I did take the dog for a walk before i decided  somebody may have got into trouble if they couldnt account for the items.


----------



## tigercub (Jan 1, 2014)

Brilliant! you are very good. I would have done the same mate


----------



## R14CKE (Aug 10, 2012)

bradleymarky said:


> On new years eve i picked up an order from cleanyourcar (its only 10 minutes away) roll on today and the same order has been delivered to my house....
> 
> Das6-pro
> 
> ...


Hopefully they will add something to your next order for being a honest customer???


----------



## suspal (Dec 29, 2011)

Well done my man honesty does pay,I'm sure Tim's appreciative of your honesty.
I certainly wouldn't want a guilty conscience myself.I hope you also get a little thankyou :thumb:


----------



## bradleymarky (Nov 29, 2013)

R14CKE said:


> Hopefully they will add something to your next order for being a honest customer???





suspal said:


> Well done my man honesty does pay,I'm sure Tim's appreciative of your honesty.
> I certainly wouldn't want a guilty conscience myself.I hope you also get a little thankyou :thumb:


I do like the look of the FK1000P


----------



## m1pui (Jul 24, 2009)

I wouldn't have rang them.











I'd have dropped it off if it's only 10mins away and bought more goodies at same time :lol:


----------



## DLGWRX02 (Apr 6, 2010)

Would have done the same, i was always the kid who would feel too guilty for pinching a penny sweet from Woolly's pic and mix..lol


----------



## danny mulcahy (Jan 4, 2014)

You made the right move.
It would have came back to bite you in the ass at some point.
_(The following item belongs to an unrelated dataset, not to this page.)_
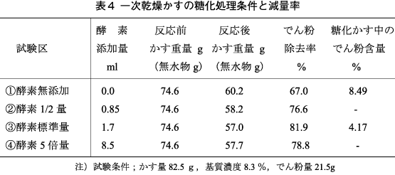 まず、糖化に必要な酵素の添加量について検討した。その結果を表4に示す。 でん粉除去率は、酵素を添加しない区で67%、酵素標準量の1/2量区で77%、5倍量で79%と酵素の添加量の違いは糖化に大きな影響を与えなかったことから、糖化時の酵素添加量は標準量の1/2量で良いことが明らかになった。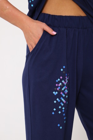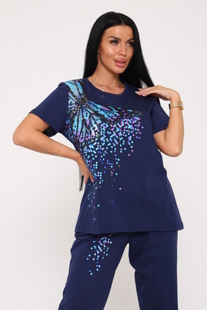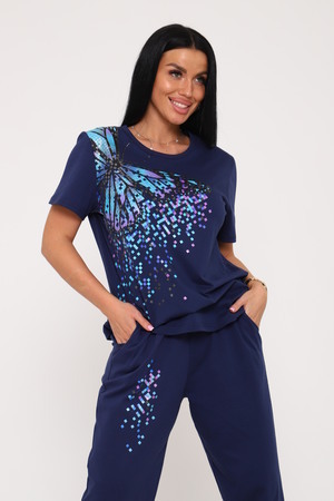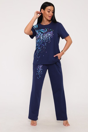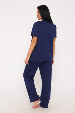 Костюм с брюками выполнен из трикотажного полотна кулирка. Костюм состоит из футболки брюк. Футболка свободного слуэта, втачной рукав, горловина окантована, на полочке выполнена печать. Брюки прямого кроя, на резинке.

Karma would have made sure it came back on you when you really didnt need it.


----------



## Trip tdi (Sep 3, 2008)

Welldone my man, it takes a good person and heart of gold to be honest, seriously one day it will pay off from up above, have a great start to the new Year :thumb:


----------



## NipponShine (Jun 19, 2012)

Welldone i would have do the same thing!


----------



## alan hanson (May 21, 2008)

good lad, given the closeness and the cost i would have done the same, as said Tim may see you right for this


----------



## bradleymarky (Nov 29, 2013)

danny mulcahy said:


> You made the right move.
> It would have came back to bite you in the ass at some point.
> 
> Karma would have made sure it came back on you when you really didnt need it.


Karma has already worked. I already won a air freshner from caroline:thumb: at kleers.


----------



## TonyH38 (Apr 7, 2013)

Well done hope you are rewarded.


----------



## Kleers-Caroline (Jun 13, 2012)

I think I might take Karma on as my nick name 

Well done you :thumb:



bradleymarky said:


> Karma has already worked. I already won a air freshner from caroline:thumb: at kleers.


----------



## Sick_at_Sea (Dec 14, 2013)

I once bought a set of genuine alloys from a dealer at £330.00 - admitedly it was some time ago. The slip I signed was for £33.00.

Did I point out the error? Yes.

Well done matey - I would have done the same or are we both stupid!


----------



## TheGruffalo1 (Dec 11, 2013)

Well done buddy!


----------



## stantheman (Dec 23, 2010)

Well done! You did the right thing. Feeling good about what you've done is reward in its self! Happy New Year!


----------



## WP-UK (Apr 24, 2011)

Nice to see good honest people :thumb: Enjoy your new gear btw


----------



## Grant. (Apr 10, 2013)

Nice to see some honesty about. There are not many people who done what you did!


----------



## Stokie (Jun 9, 2013)

It's certainly something I'd of done also. Just hope you get a nice thank you off them in return for your honesty.


----------



## Barney Boy (Feb 12, 2013)

Well done.:thumb:Would have done the same.


----------



## stangalang (Nov 27, 2009)

It was the right thing to do, cyc are fair on all levels so we shouldn't take advantage. Good for you mate


----------



## carl robson (Nov 16, 2011)

Honesty is the best policy


----------



## Benjic2 (Apr 21, 2010)

In these cases I believe the goods are classed as unsolicited and therefore rightly yours and they have no way to demand them back even in court. Obviously the humane thing is to return then though 

Same happened to me but with Elite car care last week.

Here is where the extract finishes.